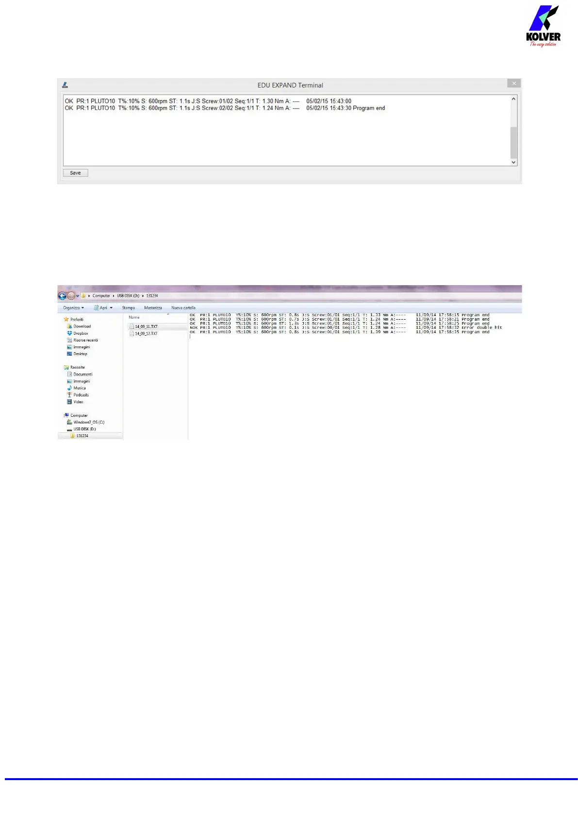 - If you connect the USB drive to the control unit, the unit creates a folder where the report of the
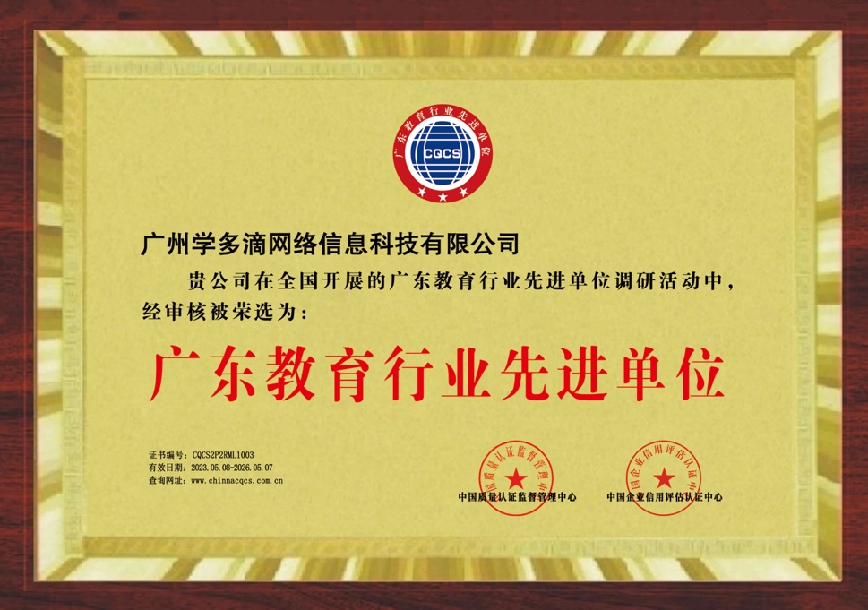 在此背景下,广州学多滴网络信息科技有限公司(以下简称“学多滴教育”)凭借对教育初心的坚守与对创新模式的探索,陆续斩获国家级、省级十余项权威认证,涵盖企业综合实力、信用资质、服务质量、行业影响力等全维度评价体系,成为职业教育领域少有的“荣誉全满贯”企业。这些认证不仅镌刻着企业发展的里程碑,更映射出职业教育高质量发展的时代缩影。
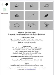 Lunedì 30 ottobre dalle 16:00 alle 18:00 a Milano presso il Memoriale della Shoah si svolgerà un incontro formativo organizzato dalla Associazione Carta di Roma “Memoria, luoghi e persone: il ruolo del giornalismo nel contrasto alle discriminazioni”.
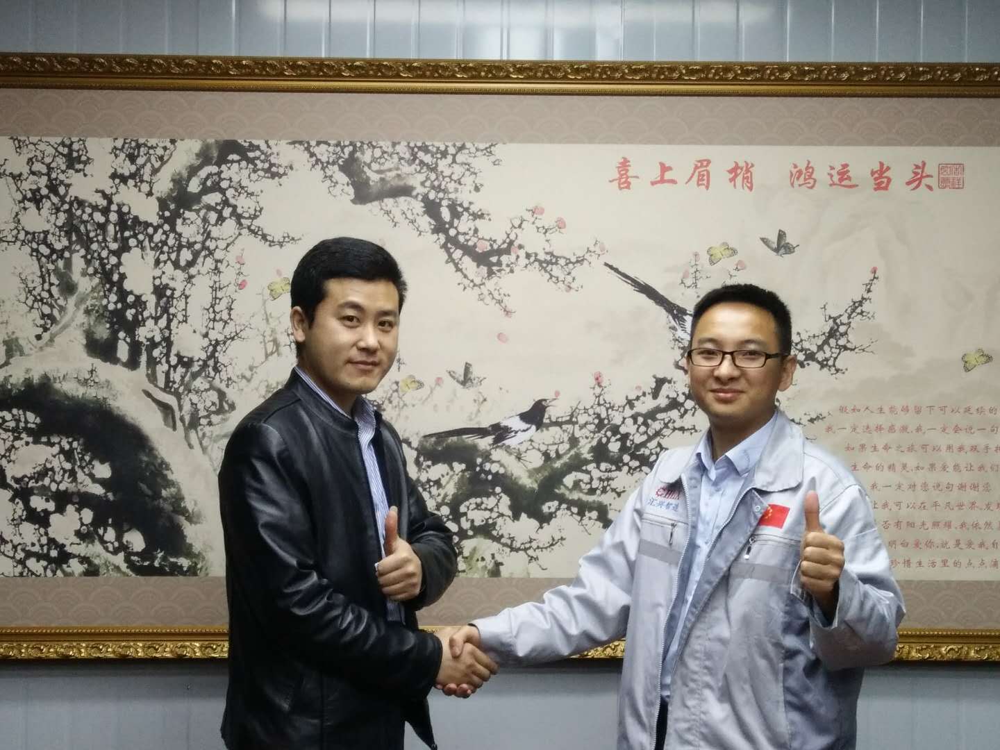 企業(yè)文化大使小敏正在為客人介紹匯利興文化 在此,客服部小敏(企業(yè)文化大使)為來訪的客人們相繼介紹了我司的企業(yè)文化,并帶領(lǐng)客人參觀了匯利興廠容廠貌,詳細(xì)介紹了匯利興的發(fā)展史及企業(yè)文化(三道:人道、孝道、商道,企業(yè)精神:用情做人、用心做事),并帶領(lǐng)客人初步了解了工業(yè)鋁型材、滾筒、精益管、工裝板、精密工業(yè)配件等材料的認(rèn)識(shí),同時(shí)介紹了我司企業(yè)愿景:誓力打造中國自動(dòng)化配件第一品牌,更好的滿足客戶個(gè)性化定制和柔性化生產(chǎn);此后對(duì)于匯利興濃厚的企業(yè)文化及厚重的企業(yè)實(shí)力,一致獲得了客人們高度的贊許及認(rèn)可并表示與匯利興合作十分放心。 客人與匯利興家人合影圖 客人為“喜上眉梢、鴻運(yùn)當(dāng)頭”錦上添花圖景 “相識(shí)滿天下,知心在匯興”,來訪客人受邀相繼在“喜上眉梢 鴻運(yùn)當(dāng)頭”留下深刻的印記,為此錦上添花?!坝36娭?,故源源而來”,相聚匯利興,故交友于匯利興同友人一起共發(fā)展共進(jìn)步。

Your task:
Please reproduce the listing exactly from its opening line through the line that contains "Lunedì 30 ottobre", both included, with all pictures omitted.

Solution:
 - If you connect the USB drive to the control unit, the unit creates a folder where the report of the
 在此背景下,广州学多滴网络信息科技有限公司(以下简称“学多滴教育”)凭借对教育初心的坚守与对创新模式的探索,陆续斩获国家级、省级十余项权威认证,涵盖企业综合实力、信用资质、服务质量、行业影响力等全维度评价体系,成为职业教育领域少有的“荣誉全满贯”企业。这些认证不仅镌刻着企业发展的里程碑,更映射出职业教育高质量发展的时代缩影。
 Lunedì 30 ottobre dalle 16:00 alle 18:00 a Milano presso il Memoriale della Shoah si svolgerà un incontro formativo organizzato dalla Associazione Carta di Roma “Memoria, luoghi e persone: il ruolo del giornalismo nel contrasto alle discriminazioni”.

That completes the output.